RATools icon indicating copy to clipboard operation
RATools copied to clipboard

[Feature Request] Matching strings in memory

Open suXinjke opened this issue 2 years ago • 2 comments

As RetroAchievement starts to support more powerful consoles such as Playstation Portable and Playstation 2, maybe GameCube and Wii in the future, achievement developers encounter string based values more frequently when developing for these consoles.

At the moment it's not comfortable to work with the strings: you have to either define string-to-number dictionaries, or constants. If you don't do it without scripting or some automated conversion - it's error prone, as ABCD string is 41 42 43 44 as bytes, but 0x44434241 as number. It becomes even less uncomfortable to work with if you have strings that take more than 4 bytes - now you have to avoid mistakes regarding offsets, and instead of representing one string constant, you will likely have to chunk and pass it in weird ways.

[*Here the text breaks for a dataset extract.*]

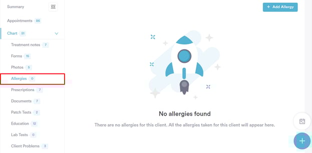 This article covers the process of adding allergies to a client card.

Matching strings in memory

As strings are a representation of byte array, why not start with byte array matching:

byte_array = [ 0x43, 0x41, 0x4B, 0x45, 0x32, 0x32 ]
match_byte_array(0xCAFE, byte_array, max_size = 16)
// which is equal to
all_of(range(0, length(byte_array) - 1), idx => byte(0xCAFE + idx) == byte_array[idx])
// which is equal to
0xH00cafe=10_0xH00caff=11_0xH00cb00=12_0xH00cb01=13_0xH00cb02=14_0xH00cb03=15
// or, if optimizer aims to save space, 32-bit for first 4 bytes, then 16-bit for remaining 2 bytes
0xX00cafe=1162559811_0x00cb02=12850

You should notice that I included max_size parameter, consider it optional with some default value. It's important to have it to prevent accidental passes of big arrays which may stress RATools. Maybe there isn't much need to allow user to specify the max_size and such limit can be hardcoded internally instead.

Now, this allows to do the actual string matching:

match_string(0xCAFE, "CAKE22", max_size = 16)
// which will be equal to
match_byte_array(0xCAFE, [ 0x43, 0x41, 0x4B, 0x45, 0x32, 0x32 ], max_size = 16)

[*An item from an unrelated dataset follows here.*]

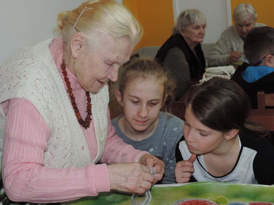 Rozpoczęliśmy współpracę ze szkołą nr 4. Odwiedziły nas dzieci z klas piątych, żeby uczyć się szycia na maszynie, szydełkowania i robienia na drutach. Seniorki bardzo zaangażowały się w nauczanie, a dzieci w naukę, która była miłą odmianą dla siedzenia w ławce przed tablicą. Mamy pierwsze szydełkowe dzieła i początki robótek na drutach, a chęć do nauki tych, wydawałoby się, zapomnianych prac, wśród młodzieży jest zaskakująca. Następne spotkanie odbędzie się w szkole, może teraz „babcie” czegoś nowego się nauczą.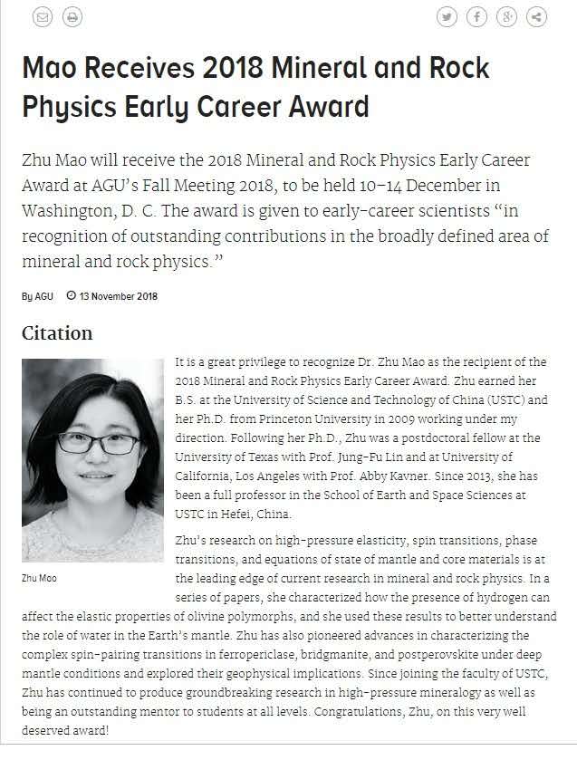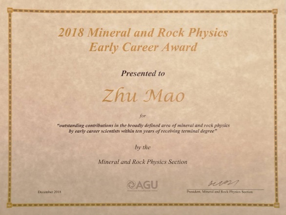 美国时间12月11日,我校地球和空间科学学院毛竹教授获得美国地球物理学会矿物岩石Early Career Award。该奖每年从全球遴选一名在获得博士学位(最终学位)10年内的青年科学家,以表彰其在岩石和矿物学研究方面取得的卓越贡献。这也是该奖设立以来首次授予来自中国的优秀青年科学家。

And that's it - given byte array matching, internally the whole job is converting the string to byte array.

Have to remember Unicode strings though, sometimes such strings exist in the game but I don't think they'd be used for non-presentational purposes. If it happens to be trivial to convert string to UTF8 byte array - why not allow specifying them?

Alternate representation

If we take inspiration from Cheat Engine and existing type system, I can also suggest syntax like this:

someData = byte_array(0xCAFE, size = 6)
// you can now refer to it in other places instead of writing match function calls

someData == [ 0x43, 0x41, 0x4B, 0x45, 0x32, 0x32 ]
someString = string(0xCAFE, size = 6)
// you can now refer to it in other places instead of writing match function calls

someString == "CAKE22"

Such way of representing byte arrays and strings allows developers to define their own matching functions. If you do it such way, then RATools has to check that array/string you compare to is not exceeding the specified size. If byte array or the string you compare to has less bytes in it - compare as if original byte array or string was defined with such lesser size.

Miscellaneous functions

Some additional related proposals, not sure how useful they will be:

String iteration - Unicode problematic

any_of(some_string, x => x == "B")

for x in some_string {
    if (x == "B") {
        // do something
    }
}

String indexing - Unicode problematic

some_string = "ABC"
if (some_string[1] == "B") {
    // do something
}

String to byte array

array = string_to_byte_array("CAKE22") // [ 0x43, 0x41, 0x4B, 0x45, 0x32, 0x32 ]
// so you can do something like
array_push(array, 0xFF) // [ 0x43, 0x41, 0x4B, 0x45, 0x32, 0x32, 0xFF ]

suXinjke avatar Sep 17 '22 10:09 suXinjke

Firstly, I want to explicitly differentiate between ASCII string functions and Unicode string functions. While the toolkit currently only supports ASCII strings, RATools could potentially support both.

Here are my proposals, based on your suggestions:

Matching strings in memory

ascii_string_equals(address, string, length = -1)

This would allow you to match the memory starting at address to the first length bytes of string. The default value for length would be -1 or something similar that would tell the function to just use the length of the string parameter + 1 for the null terminator.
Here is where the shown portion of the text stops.